Kaur Amarpreet, Budko Alexander, Liu Katrina, Eaton Eric, Steitz Bryan D, Johnson Kevin B
Department of Biostatistics, Epidemiology, and Informatics, Perelman School of Medicine, University of Pennsylvania, Philadelphia, Pennsylvania.
School of Engineering and Applied Science, University of Pennsylvania, Philadelphia, Pennsylvania.
Appl Clin Inform. 2025 May;16(3):718-731. doi: 10.1055/a-2565-9155. Epub 2025 Mar 25.

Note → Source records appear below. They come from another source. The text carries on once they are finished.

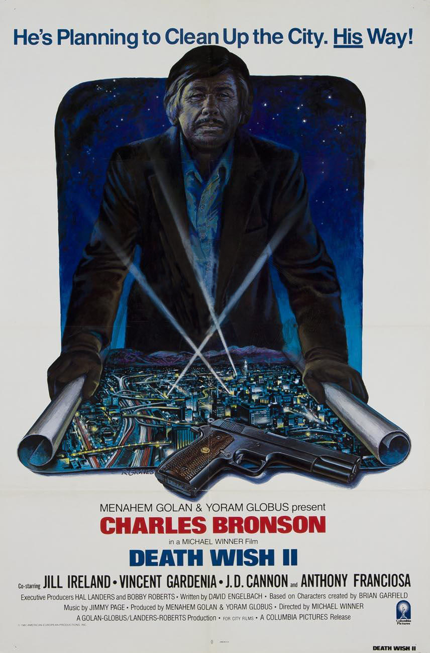 Of all those stars, past and present, who were tempted by Cannon’s unbridled sense of ambition, it was an aging Charles Bronson who first took the bait. Golan-Globus had Death Wish in mind before their prospective Cannon buy-out, and after purchasing the rights to the series turned to veteran director Winner, their controversy-creates-cash mantra the perfect antidote for his flailing career. After a string of underwhelming efforts, including 1979‘s Firepower and a badly received remake of Raymond Chandler’s The Big Sleep, a new commercial modus was required if Winner was to become relevant again, and Cannon had just the ticket. He and Bronson had a history together that went beyond the original Death Wish, the two collaborating on a total of six movies, but it was the controversial Kersey who Cannon craved, the pair managing to bag Bronson and Winner at just the right time.
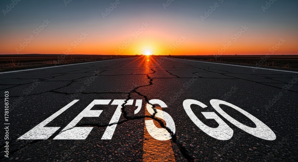 A cracked asphalt road with the words 'Let's Go' painted on it, leading towards a bright, colorful sunset. #1781087103
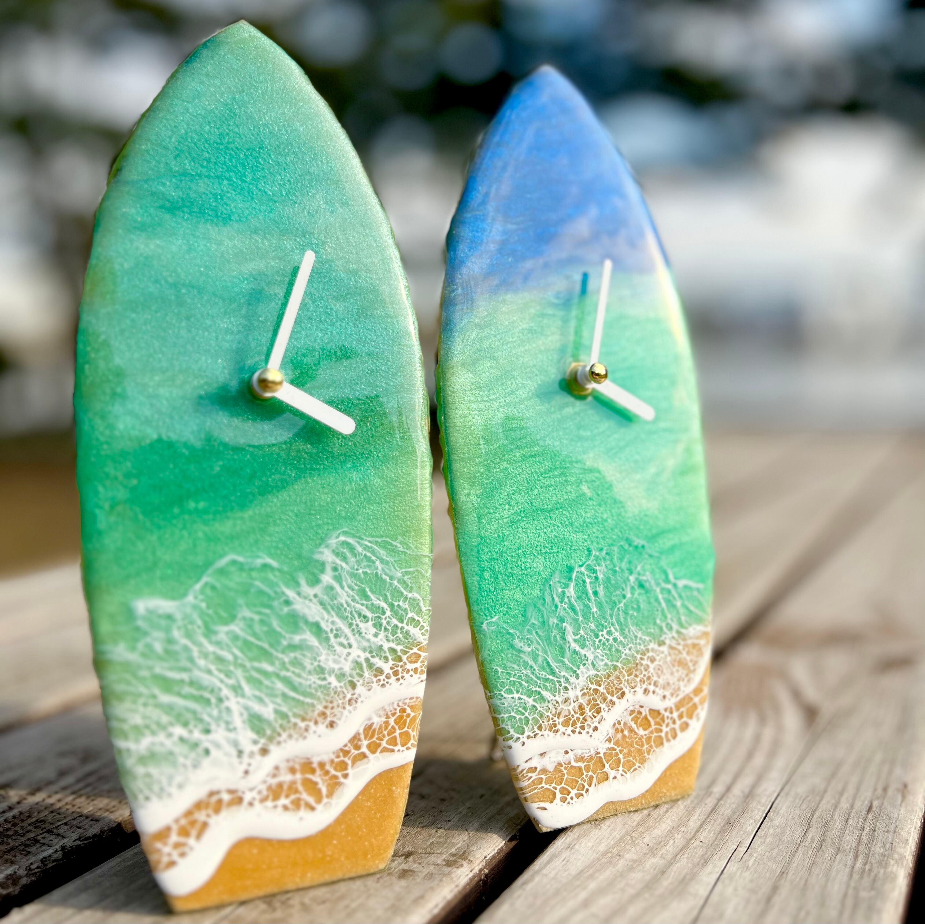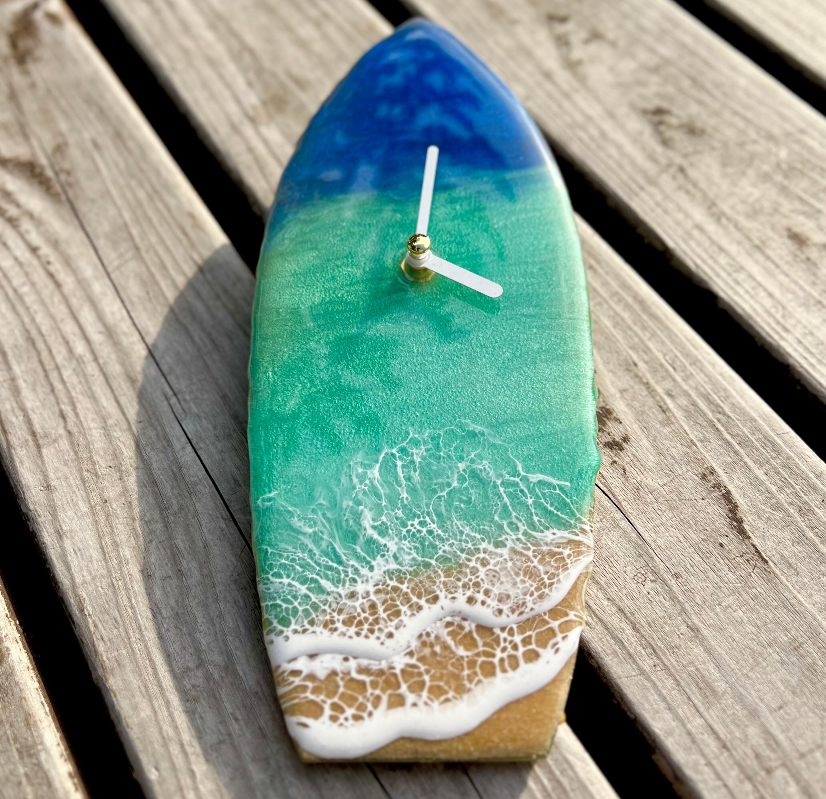 【①専用】海レジンアート時計34 時間を海と〜サーフボード〜
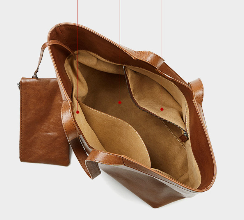 Вместительная кожаная женская сумка-тоут.
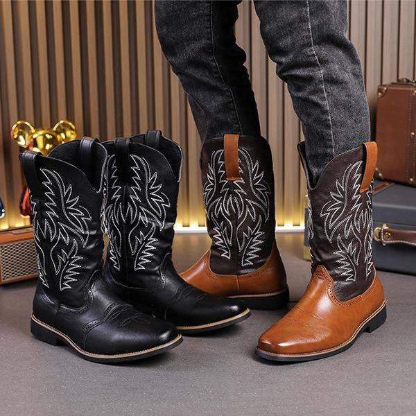 MEN'S RETRO EMBROIDERED LEATHER BOOTS 00575432YL
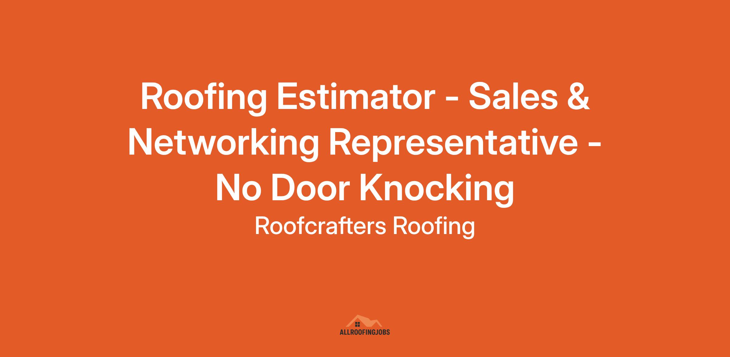 Roofing Estimator - Sales & Networking Representative - No Door Knocking
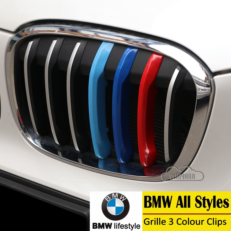 3pcs BMW M Sport Sticker Car Kidney Grill Clip Cover 3 Color Front Grill Covers Clips Stripes Trim Car Accessories Modified For BMW 1 Series 2 Series 3 Series 4 Series 5
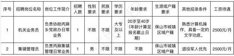 3. 報(bào)名地點(diǎn):丙麻鄉(xiāng)人民政府組織辦(隆陽(yáng)區(qū)丙麻鄉(xiāng)丙麻街丙麻鄉(xiāng)人民政府辦公樓3樓);報(bào)名郵箱:2398017077@qq.com。

Patient portals bridge patient and provider communications but exacerbate physician and nursing burnout. Large language models (LLMs) can generate message responses that are viewed favorably by health care professionals/providers (HCPs); however, these studies have not included diverse message types or new prompt-engineering strategies.Our goal is to investigate and compare the quality and precision of GPT-generated message responses versus real doctor responses across the spectrum of message types within a patient portal.We used prompt engineering techniques to craft synthetic provider responses tailored to adult primary care patients. We enrolled a sample of primary care providers in a cross-sectional study to compare authentic with synthetic patient portal message responses generated by GPT-3.5-turbo, July 2023 version (GPT). The survey assessed each response's empathy, relevance, medical accuracy, and readability on a scale from 0 to 5. Respondents were asked to identify responses that were GPT-generated versus provider-generated. Mean scores for all metrics were computed for subsequent analysis.A total of 49 HCPs participated in the survey (59% completion rate), comprising 16 physicians and 32 advanced practice providers (APPs). In comparison to responses generated by real doctors, GPT-generated responses scored statistically significantly higher than doctors in two of the four parameters: empathy ( < 0.05) and readability ( < 0.05). However, no statistically significant difference was observed for relevance and accuracy ( > 0.05). Although readability scores were significantly different, the absolute difference was small, and the clinical significance of this finding remains uncertain.Our findings affirm the potential of GPT-generated message responses to achieve comparable levels of empathy, relevance, and readability to those found in typical responses crafted by HCPs. Additional studies should be done within provider workflows and with careful evaluation of patient attitudes and concerns related to the ethics as well as the quality of generated responses in all settings.
患者门户网站架起了患者与医疗服务提供者沟通的桥梁,但加剧了医生和护士的职业倦怠。大语言模型(LLMs)可以生成受到医疗保健专业人员/提供者(HCPs)好评的消息回复;然而,这些研究并未涵盖不同的消息类型或新的提示工程策略。我们的目标是调查和比较在患者门户网站中,GPT生成的消息回复与真实医生回复在各种消息类型范围内的质量和准确性。我们使用提示工程技术来精心制作针对成年初级保健患者的模拟医疗服务提供者回复。我们招募了一组初级保健提供者参与一项横断面研究,以比较由GPT-3.5-turbo(2023年7月版本,GPT)生成的真实与模拟患者门户网站消息回复。该调查从0到5的量表评估每个回复的同理心、相关性、医学准确性和可读性。要求受访者识别出GPT生成的回复与医疗服务提供者生成的回复。计算所有指标的平均分数以供后续分析。共有49名HCPs参与了调查(完成率为59%),包括16名医生和32名高级实践提供者(APPs)。与真实医生生成的回复相比,GPT生成的回复在四个参数中的两个参数上得分在统计学上显著高于医生:同理心(<0.05)和可读性(<0.05)。然而,在相关性和准确性方面未观察到统计学上的显著差异(>0.05)。尽管可读性得分有显著差异,但绝对差异很小,这一发现的临床意义仍不确定。我们的研究结果证实了GPT生成的消息回复在实现与HCPs精心制作的典型回复相当的同理心、相关性和可读性水平方面的潜力。应在医疗服务提供者的工作流程内进行更多研究,并仔细评估患者对伦理问题以及在所有环境中生成回复的质量的态度和担忧。